With that being said, I use hair serums for my sealing step of my wash n go’s. Therefore, I am making sure to condition and moisturize (leave in, creams, etc) with all organic products, so they penetrate my strands, then lock in that moisture with my serum containing silicone.

As much as this transition is going to pain me, because I’m so against silicons, you must understand it depends on the way you use it.

My biggest concern is getting the silicone out of my hair in preparation for the next wash, since I do not like using sulphates either.

Sulphates strip the hair, but is one of the few things that can wash away silicons. But guess what?

Baking soda, a natural ingredient can also remove silicons from hair.

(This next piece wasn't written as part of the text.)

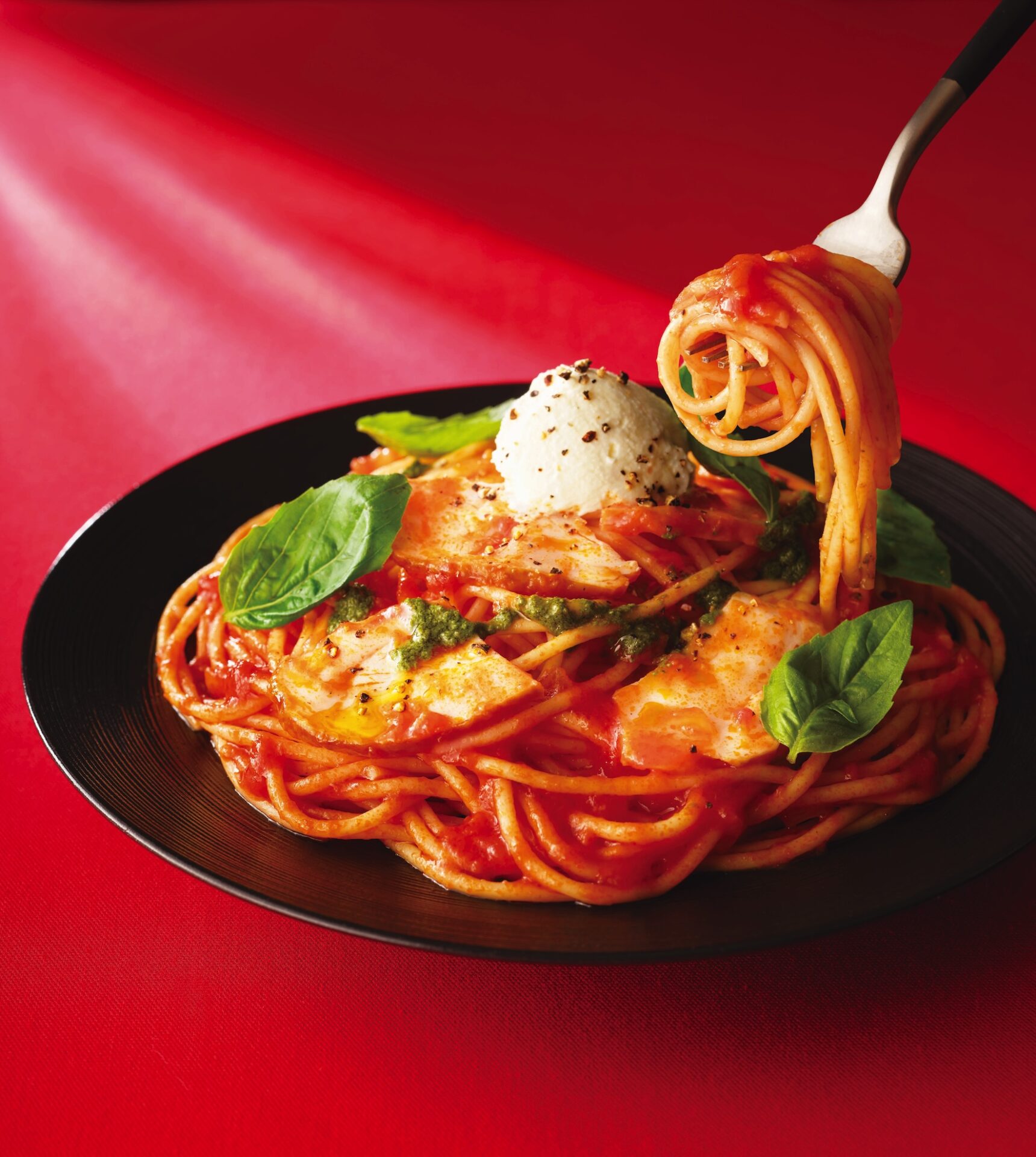 人気のトマトソースをはじめとしたパスタ、ドリアやカレーといったご飯ものは、店内で調理・仕込みを行ない、できたてを提供(メニューは季節により変動)。

I already cleanse my low porosity hair with a baking soda rinse every week/ every other week to avoid extra build up. Therefore I need not worry. The baking soda will cleanse away the silicone containing sealant.

Meanwhile, I know if I switch back to sealing with serum, my hair would be softer, have more movement (maybe I can pineapple again), and my moisture would be locked in securely until wash day. Maybe that will help limit my hair washing to once a week and give my hair a break from washing and going every 2-3 days. Doubt it (lol).

I haven’t re-adopted the pattern yet. Will keep you all updated.